Per l’algoritmo FWHM le linee guida suggeriscono come valore soglia il 50% del valore massimo dell’intensità dei pixel appartenenti alla regione di DE. Tuttavia, utilizzare tale approccio nell’algoritmo automatico non è la tecnica migliore. Infatti, nella procedura automatica si ha a disposizione solo l’istogramma totale del miocardio, quindi non possiamo essere certi che il massimo valore di intensità sia associato a un pixel di DE in quanto potrebbe trattarsi di un pixel di blood pool (incluso per errore nella segmentazione del miocardio) o di pixel spuri dovuti per esempio alla presenza di PVE. Per questa ragione si è utilizzato un altro approccio che si basa sull’idea di trovare quel valore di intensità di segnale per cui si ha la stessa probabilità che un determinato pixel appartenga al miocardio remoto o alla regione di DE, ovvero quel valore di intensità che separa le due classi. A tale scopo si procede con il calcolo dell’area sottesa dalla curva dell’istogramma integrando la curva da due direzioni opposte: dal minimo al massimo valore di intensità per la distribuzione Riciana e il viceversa per la Gaussiana, spostandosi di un pixel alla volta. Il valore cercato sarà quello in cui le due aree sono uguali. In realtà, per motivi computazionali non si riesce a trovare un punto in cui le due aree sono uguali, quindi si approssima la soglia come l’ultimo valore in cui la somma delle due aree è inferiore all’area sottesa dall’istogramma complessivo.

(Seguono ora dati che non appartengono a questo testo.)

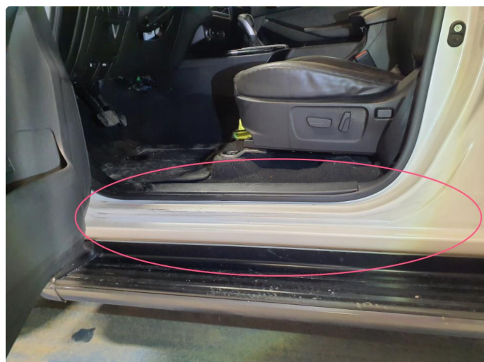
1.2 Merker i inn steg dører

Figura 3.8. Esempio di maschere ottenute applicando i metodi n-SD ad un fantoccio (in alto a sinistra) creato per simulare un’immagine di miocardio

46 Trovata la soglia, anche in questo caso si procede con la segmentazione dell’immagine, tramite la funzione usata per il metodo n-SD. In questo caso sarà restituita una sola maschera contenente la segmentazione del miocardio patologico.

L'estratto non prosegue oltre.